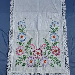 VTG Floral Dresser Scarf Table Runner Hand Embroidery 14x42 Lace Trim Multicolor$25Temple, TX
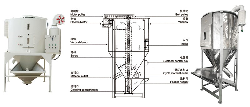 2、適用于各種塑料與色母粒的混合干燥攪拌,新、舊料及色母粒干燥混合則效果更佳。
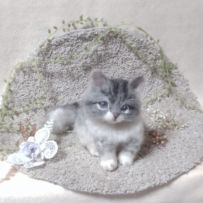 0 4 ちょっと前に作った仔です。 両手両足をぴろ~んと広げた状態のおちびさんです♪ #羊毛フェルト #ハンドメイド #猫 21/03/02 13:27

### Assignment
Output the full listing verbatim; pictures stay out.

### Solution for this exercise
 VTG Floral Dresser Scarf Table Runner Hand Embroidery 14x42 Lace Trim Multicolor$25Temple, TX
 2、適用于各種塑料與色母粒的混合干燥攪拌,新、舊料及色母粒干燥混合則效果更佳。
 0 4 ちょっと前に作った仔です。 両手両足をぴろ~んと広げた状態のおちびさんです♪ #羊毛フェルト #ハンドメイド #猫 21/03/02 13:27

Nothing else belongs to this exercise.